Okay, I was just thinking about this and am curious to see what sort of responses I get -- I haven't read anything which addresses this argument in the FAQ.
Suppose we have two cities on either end of an axis passing through the equator and the center of the RE model, as shown below.
Now, the equivalent positions of those cities on the FE model are located on a diameter of the 'equator' (a ring of a radius equal to half that of the earth's total radius) as illustrated below. Obviously the position of the white line is meant to be the equator, though I acknowledge that it is placed incorrectly. This will not matter later in this thought experiment, as we will use real numbers to make our point. This only serves as a visual example to clarify the situation.
We must first introduce a reference frame for each model. In both cases, the reference frame will be defined such that the earth is stationary.
Next, we introduce an airplane. This airplane will act in the manner we are all familiar with. It will obey all laws of physics, motion, and time as we experience in our world today (flat or not). The Boeing 747 commercial jet has a cruising speed of approximately
250 m/s (we will use this velocity in our calculations). In order to simplify the experiment, we assume this speed is constant and unaltered by the effects of wind.
Finally we come to the nitty-gritty. In the RE model, the airplane will travel along the Earth's circumference. We will calculate this circumference by using the RE's mean radius, 6371 km (6,371,000 m). We can ignore the altitude of the plane because it is very small compared to the Earth's radius. Using simple arithmetic, we come up with a circumference of: 2*Pi*r = 40,030,173 m.

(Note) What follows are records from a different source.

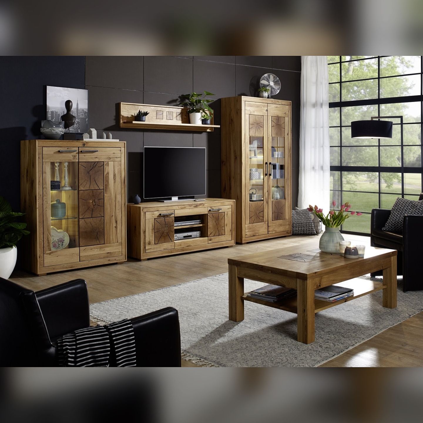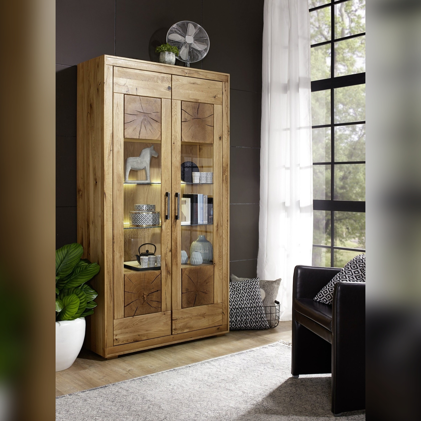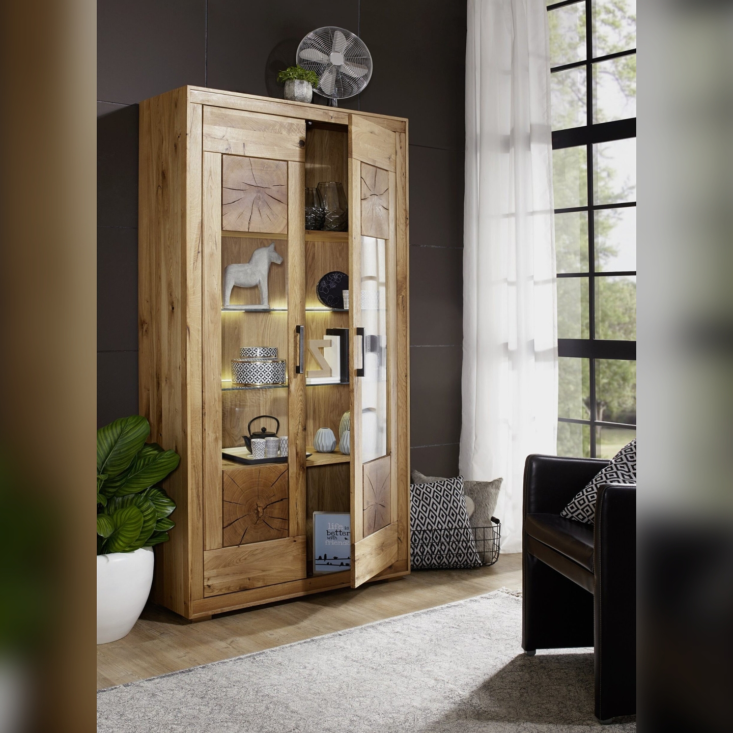 Witryna przyjeżdża w całości zmontowana, bez potrzeby składania czy klejenia. Matowy olej zabezpiecza powierzchnię, a jednocześnie pozwala zachować naturalną fakturę drewna. To mebel, który od razu staje się częścią wnętrza.
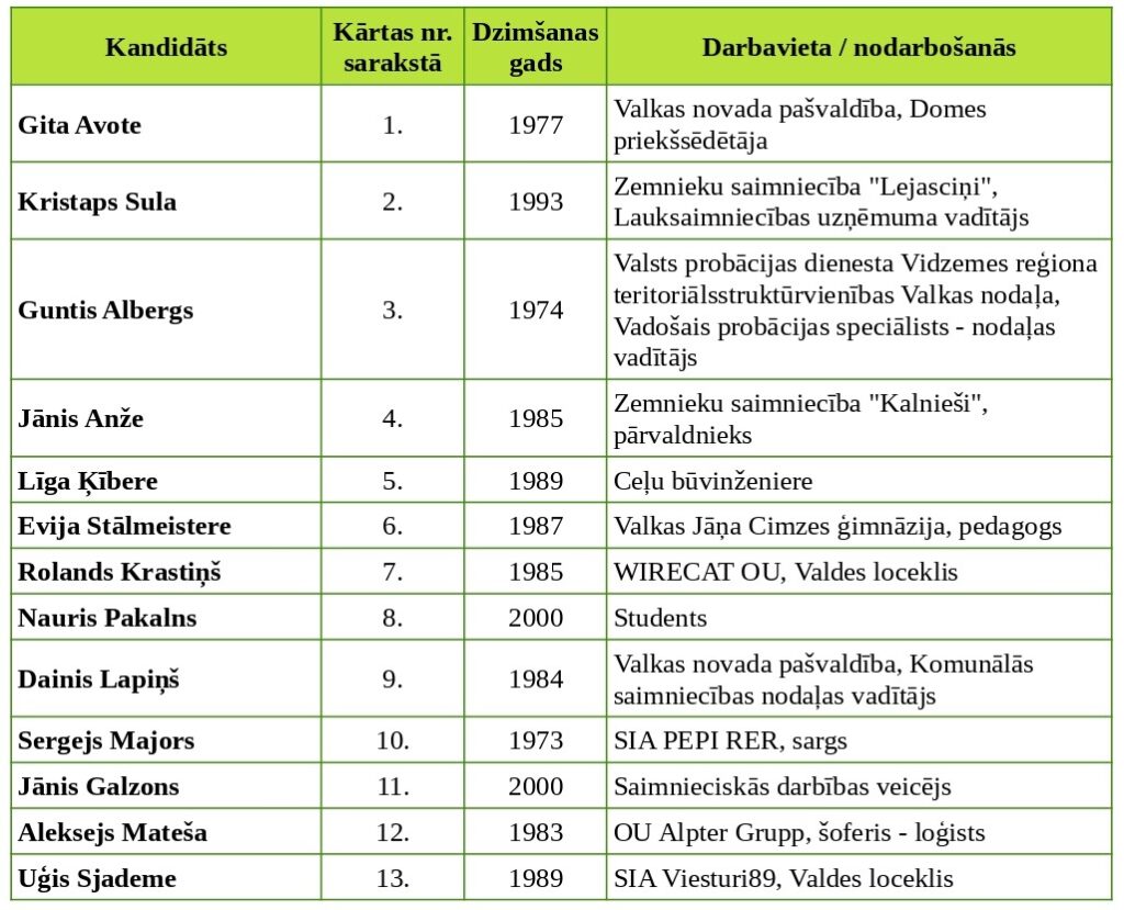 Piektdien Centrālās vēlēšanu komisijas mājaslapā publiski pieejamā informācija liecina, ka Valkas novadā ir iesniegti vēl divi deputātu kandidātu saraksti – “Suverēnā vara”, “Apvienība Jaunlatvieši” un “Latvijas attīstībai”, “Latvijas Zemnieku savienība”.
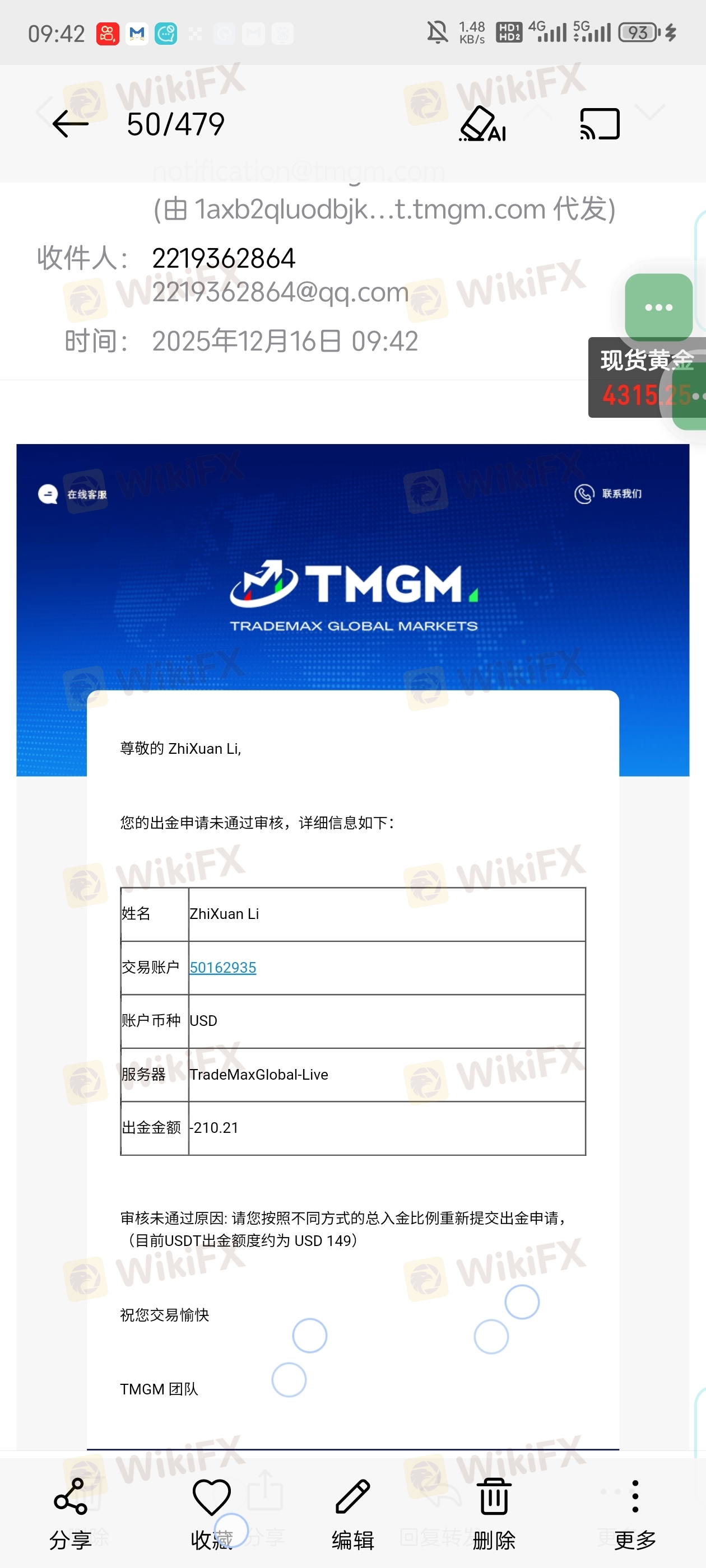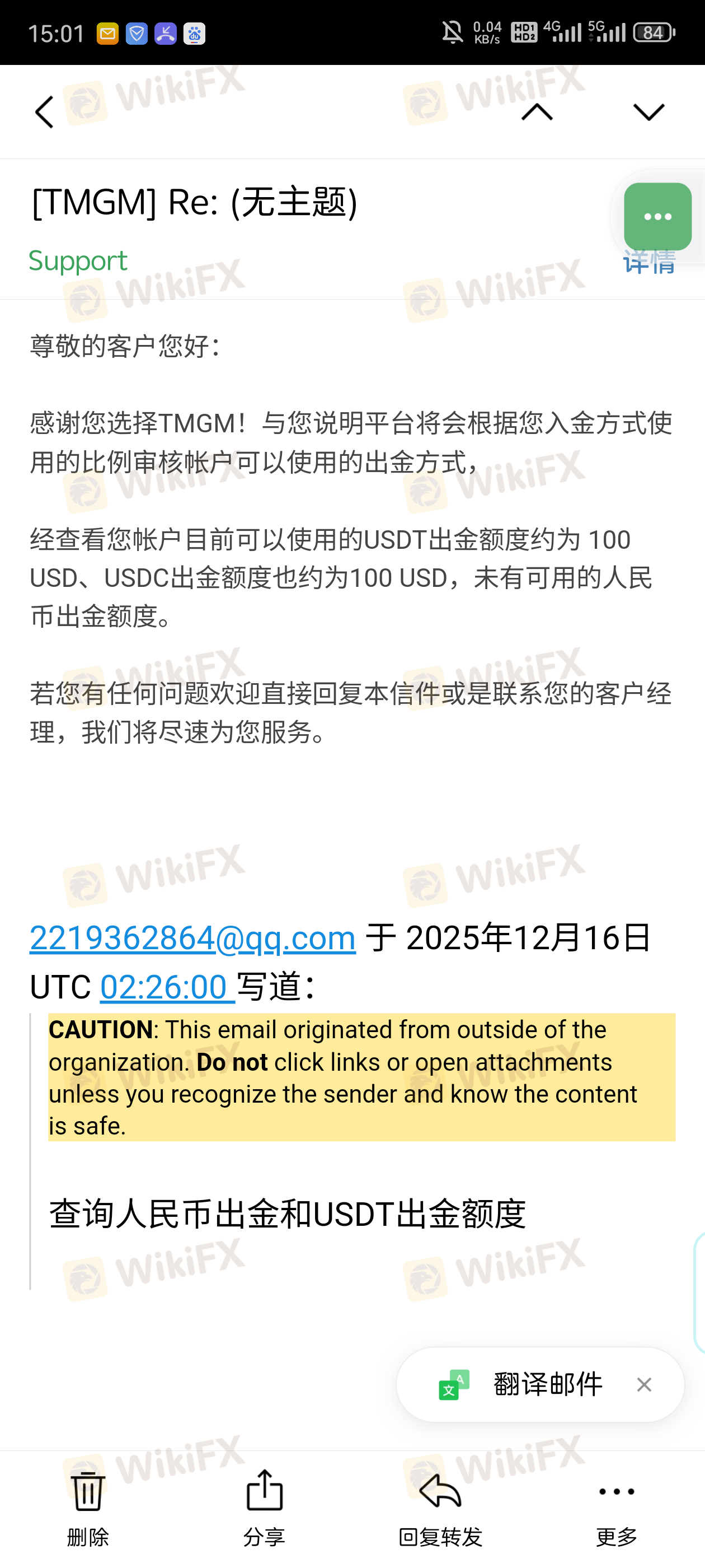 尊敬的客户您好,经查看,目前只收到有发送邮件咨询出金额度事宜,并无投诉邮件。目前已通知客户经理尽快与您联系进一步跟进了解详情。感谢您的关注与理解。如您有进一步问题,请您联系您的客户经理或TMGM官网客support@tmgm.com,欢迎随时与我们联系。
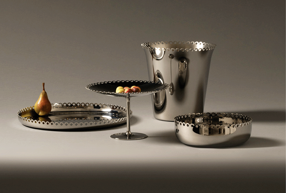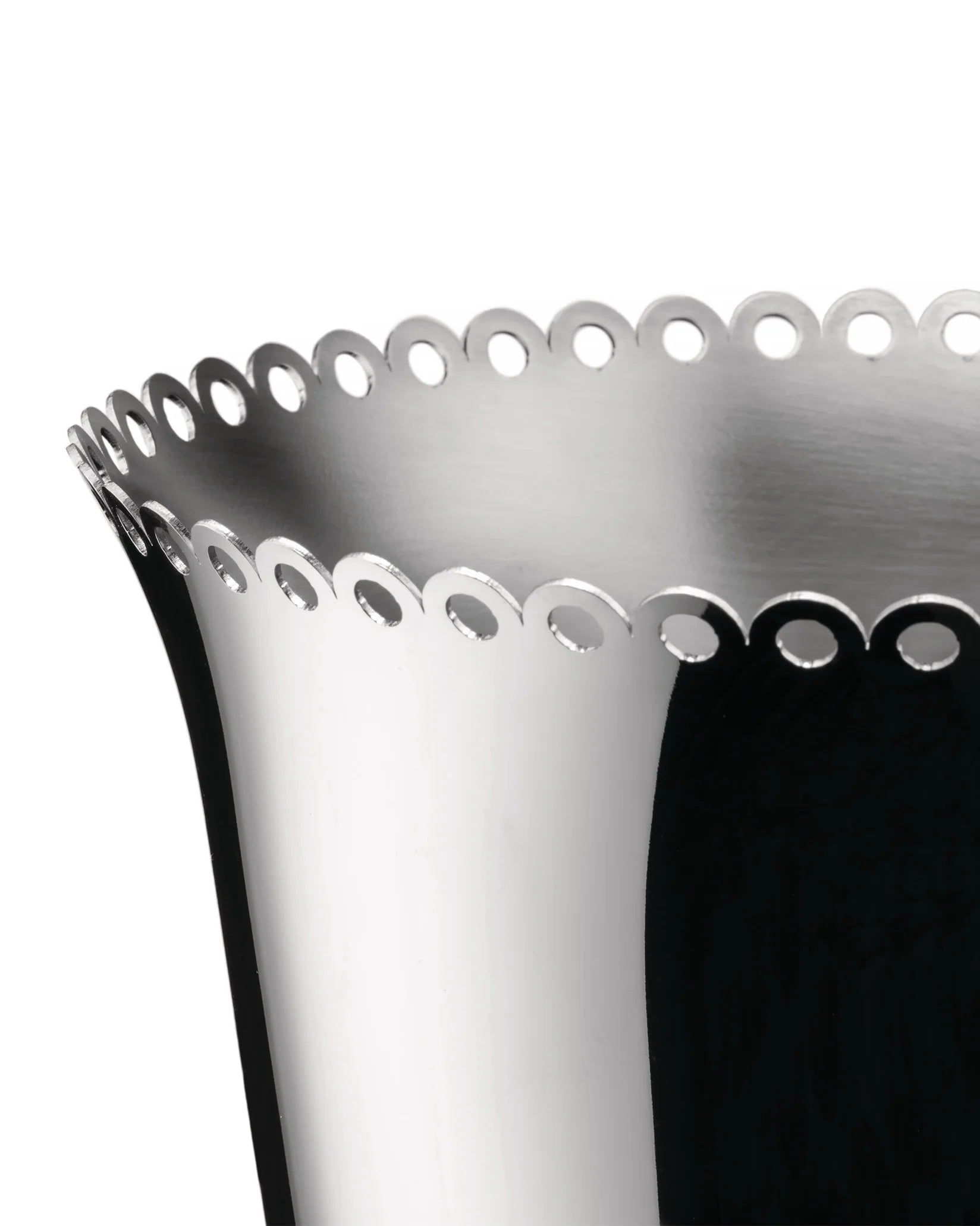 The Edges family is composed of a basket, cake stand, ice bucket and tray, all adorned with delicate edging reminiscent of embroidered trim. Nika Zupanc embraced the iconicity and immediacy of small, perforated holes running along the outer edges of this small collection. Instead of being a decoration for its own sake, it aims to create a direct relationship between us and the items. Although simple and easy to understand, the embellishment is employed to create an instantaneous emotive impact. The objects come in two versions: 18/10 stainless steel, and 18/10 stainless steel with brass PVD coating.

Presumably, if we travel along the equator or straight over the North Pole, the distance from city A to city B will be equidistant as we see below:
This distance precisely one half the circumference, thus (40,030,173 m)/2 =
20,015,086.5 m.
The equivalent paths for the FE model (one traveling along the Earth's Equator, and one straight over the North Pole are as such:
I was unable to find dimensions of the FE model, so we will assume that the distance of the path around the equator of the FE model is the same as that of the RE model. We can make our point without the aid of this assumption, but for the purposes of coming up with hard numbers, it is safe to assume so.
No matter what path we take in the RE model, since the distance is the same, and the speed of the airplane is the same (also remember that the Earth is stationary in our reference frame), we can easily verify that the time to travel from city A to city B is equal. Time = Distance/speed, thus (20,015,086.5 m)/(250 m/s) =
80,060 s.
In the FE model, the time it will take to travel along Earth's "Equator" is the same as calculated above, since the distance and speed is the same in both models.
The distance of the path which travels straight over the North Pole of the FE model can be defined as the diameter of the circle making up the Equator, so: Radius = Circumference/2*Pi = (40,030,173 m)/2*Pi = 6,371,000 m. Diameter = 2*Radius, thus 2*(6,371,000 m) =
12,742,000 m.
Therefore, the theoretical time it would take the airplane to travel this distance is: Time = Distance/Speed = (12,742,000 m)/(250 m/s) =
50,968 s. Remember, the airplane acts the way we expect it to in our world today, so no arguments can be made that it will travel slower moving in one path or the other.
Obviously 80,060 s is not equivalent to 50,968 s. Here is the point when the frog jumps into the pond. If a plane were to travel along the proposed paths at this very moment, the time elapsed from city A to city B will be roughly equivalent, allowing for some error due to wind and other minor factors. I ask you this: how can a plane, which travels at a constant speed, travel two different distances in the same amount of time?